Both having comprehensive cover and finding an affordable price are paramount for your business’s insurance – and they key is to find a balance between both.
Risks you Can’t Afford to Ignore
Even if you take out the most basic cover for your business – there are a few risks that you should make sure you take into consideration, as they could have the potential to wreak havoc and bring your business to its knees.

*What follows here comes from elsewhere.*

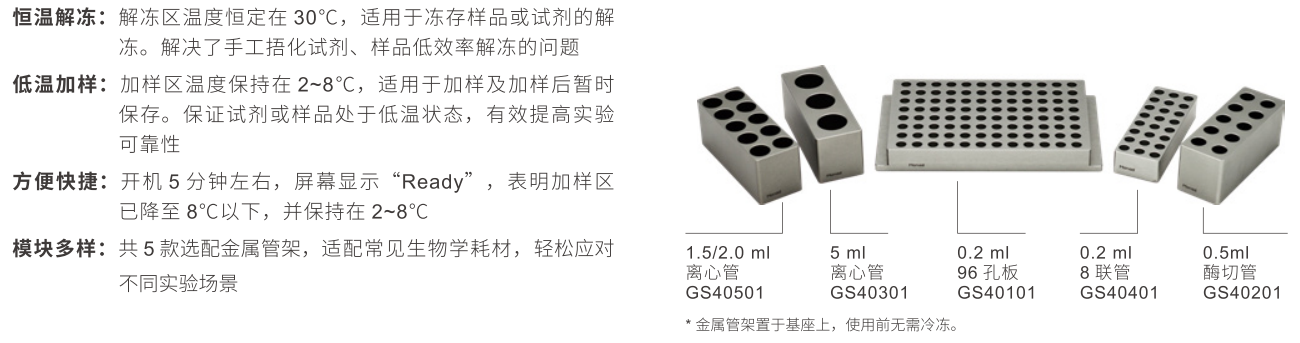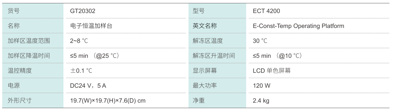 ECT4200電子恒溫加樣臺適用于生物學(xué)實(shí)驗(yàn)中低溫加樣及試劑、樣本的解凍和臨時(shí)低溫儲存。儀器具有兩個(gè)預(yù)設(shè)溫度。不同的區(qū)域:解凍區(qū)溫度恒定在30℃,用于解凍試劑、樣本;加樣區(qū)溫度保持2~8℃,用于低溫實(shí)驗(yàn)。搭配金屬管架,可適配常見生物學(xué)耗材。LCD液晶屏簡明顯示儀器當(dāng)前狀態(tài)。一鍵開機(jī),操作便捷。

Financial risks can stem from anything that involves your money and cash flow – namely if money should stop coming into your business for some reason. There are a few different policies that can protect you from financial disruptions, for example, business interruption insurance. How would your business far if a major client or customer no longer required your products or services? Or if a fire spread from an adjoining building and forced you to close for repairs, would you still be able to pay your overheads?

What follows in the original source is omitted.